TASK DATA:
----------

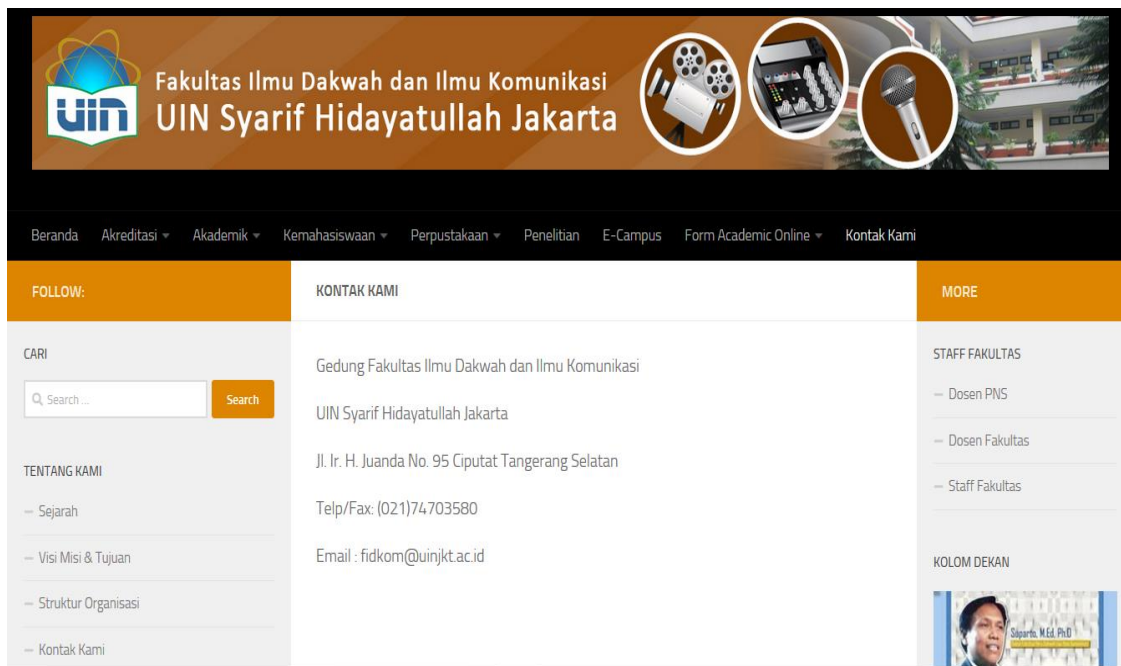
Figure 6 General and procurement section page

Figure 6 is our contact, which consists of the address and telephone number that can be contacted.
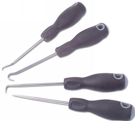
Mini Pick & Hook Set 4pc | 3444
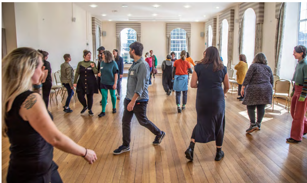
Sharing Day

We won't fund an application where there's no fee for yourself or your colleagues or there's only a very, very low fee in the budget. We would like to see that you have referred to industry standards rates that apply to your practice and you should at least pay minimum industry rates. Where minimum industry rates are not available, you must pay at least the National Living Wage.
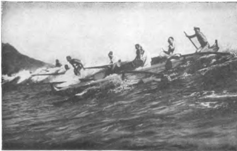
Eleven Expert Men On Hand To Serve You
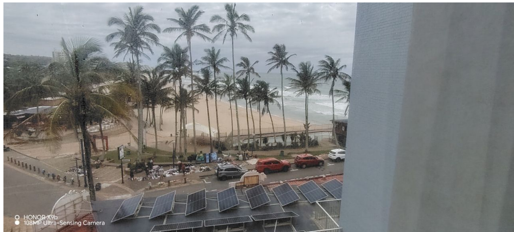
HCNOR-K9s 108MP Ultra-Sensing Camera

No 1 Bank Street (Corner Bank Street and Marine Drive) Margate KwaZulu Natal
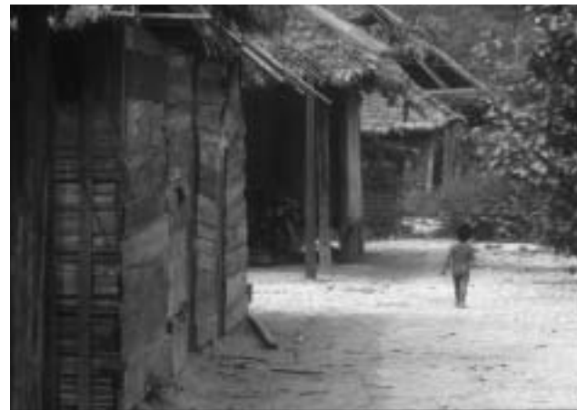
FIGURE 6. (RIGHT) Ese Eja community, Heath river (Peru).

----------

PROBLEM STATEMENT: List every line above containing the word "that".

ANSWER BOX:
Figure 6 is our contact, which consists of the address and telephone number that can be contacted.
We won't fund an application where there's no fee for yourself or your colleagues or there's only a very, very low fee in the budget. We would like to see that you have referred to industry standards rates that apply to your practice and you should at least pay minimum industry rates. Where minimum industry rates are not available, you must pay at least the National Living Wage.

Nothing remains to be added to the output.